MySQL Help

[savagenoob]

OK, I have a client database (table name "clients")  that I need to insert multiple (unlimited) notes into with date and time stamps. I was thinking of the way to do this is to create a seperate table with a foreign key called "notes" but I don't know how to assign the notes entered to the specified client or link them together.

[ngreenwood6]

you would create 2 tables. first one with clients, second one with notes. in the one with clients you would have the client and the id. in the one with notes you would have a field with id, note, client id.

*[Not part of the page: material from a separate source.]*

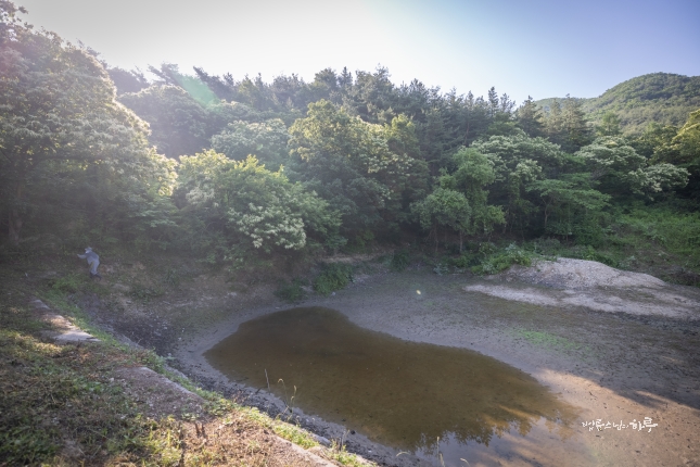 곧 장마가 시작되면 저수지에 물이 다시 차오르기 때문에 스님은 물이 빠진 기회를 놓치지 않고 저수지 안쪽을 정비했습니다. 모래를 옮기기 위해서도 주변을 정비할 필요가 있었습니다. 사람의 발길이 닿지 않는 저수지 안쪽은 야생 밀림처럼 우거져있었습니다.

Then when they enter a note link the table with the client id. here is an example

 

---clients---

id

client

---notes---

id

note

client_id

 

hopefully that makes sense to you.

[savagenoob]

Sweet, OK, that makes sense. Can I get an example query that would access a client and note simultaneously? I am building a view client page with an add/view notes section.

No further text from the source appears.